5 fun back checkmate stories


Competitive chess is a very demanding activity. This forces players to constantly maintain the highest level of focus, stay calm under pressure, and be creative throughout the fight. Unsurprisingly, each game has its own story. I have no doubt that the stories behind certain games would make a great Hollywood blockbuster.

Today we are going to talk about some of these stories. All of the games that we are going to talk about have something in common: they were decided by lower rank tactics. This way our less experienced members will familiarize themselves with one of the more common chess patterns.


Before we start, let me show you the most famous game that demonstrates the classic back rank combination.

As you can see, the basic back row pattern looks like this, where a king is checked and mate on the back row:

The one that involves a trick

First of all, try to find a decisive move that forced an instant resignation.

It is not a very difficult combination for a grandmaster, so how IM Vladas Mikenas, a very good tactician who calculated the great Alekhine, miss this tip? Managing Director David Bronstein has devoted an entire article to this subject. It was published in the magazine “Chess In The Soviet Union” with a revealing title “Hocus Pocus”. There, Bronstein, who had a nickname “Tricky David”, explains the whole plot that even involved ordering a cup of coffee.

Telling Bronstein’s story in a few short sentences is like describing the Mona Lisa to someone who has never seen the painting. Since in his article Bronstein teaches how to “cheat the opponent at the chessboard by legal means”, this probably deserves a separate discussion. Rest assured that a chess gentleman like Bronstein would never do any tricks, even a little unethical.

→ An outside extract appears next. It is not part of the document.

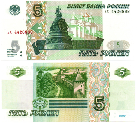 Банкнота 5 рублей 1997 г. Красивый номер ЬХ 4426888. Пресс UNC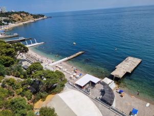 Сдаются апартаменты на берегу моря, в парковой зоне Мисхорского парка в ЖК Парк-Холл. Дом находится на пляже Русалка. Рядом магазины, кафе, столовая, канатная дорога, санатории, что хорошо, как для летнего, так и для зимнего оздоровительного отдыха. В апартаментах есть всё для комфортного проживания, два телевизора, два кондиционера, wi-fi, тёплые полы, и т. д. В доме охрана, пож. сигнализация, консьерж.

I like the end of the story. While Bronstein was “pondering” his decisive move (which was of course prepared well in advance), Mikenas was walking around the playing area, where he met general manager Mark Taimanov, who was not playing that day. . “Look how awesome my position is! Mikenas said. “But … but … what if Rook took a3?” Taimanov asked. Mikenas immediately realized what was going to happen, but it was too late since Bronstein had already performed the move.

The one that involves some mystery

Here is a nice combo from the world champion:

The final position of the game features the classic back row checkmate. But let’s take a step back. Why did White play 34.Qxh6 ?? instead of a simple 34.Qg3, which would prevent an instant checkmate? The version that White simply missed the winning move 34 … Qe1 + is highly unlikely as Andreas Moen had a FIDE rating close to 2400 and I think even a 1400 player would see what is coming. But suppose for a second he had a blind spot, a power outage, or whatever you want to call it. Still, did he really think a world champion would give him a fool for absolutely nothing? Wasn’t that a huge red flag? It is a mystery that I cannot solve.

The one who is very sad

Here is a nice tactical move executed by GM Bobby Fischer.

Since GM Oscar Panno didn’t show up to play Fischer the next day, this match against GM Svetozar Gligoric was the last regular tournament game the American genius ever played. For some reason every time I see this game I remember the words of old Rose Dewit Bukater: “The Titanic was called the Ship of Dreams, and it was. It * really * was. .. “

The one who shocks

A very recent tournament featured an unusual blunder from GM Magnus Carlsen:

While the world champion’s blunder was truly shocking, his reaction to the mistake was quite understandable. You can see here or below:

The one that involves insults

As you can see, even the best players will always lose to “Father Time”. In his youth, GM Viktor Korchnoi would have played 27. Kf8! even in a blitz game, but at 75, he just blundered his madman. Yet even in his old age, Korchnoi did not lose his inimitable skills to insult people.

Here’s what GM Irina Krush wrote in his blog: “The first thing he said was’ I could have had two more pawns! ‘, Then he would suggest a move and walk away, only to come back in a minute, and all of that interspersed with insults like’ C It’s good to know the theory, but you should also learn to play chess. In the end, it came down to this: he proposed a move, and Elisabeth [WGM Paehtz] suggested an alternative (stronger), both movements were quite simple, nothing special. So he said, about Elisabeth’s suggestion, ‘No, this move is too good for her.’ “

I hope, my dear readers, that you enjoyed these stories and, more importantly, that you will never miss the combinations of previous ranks in your own games!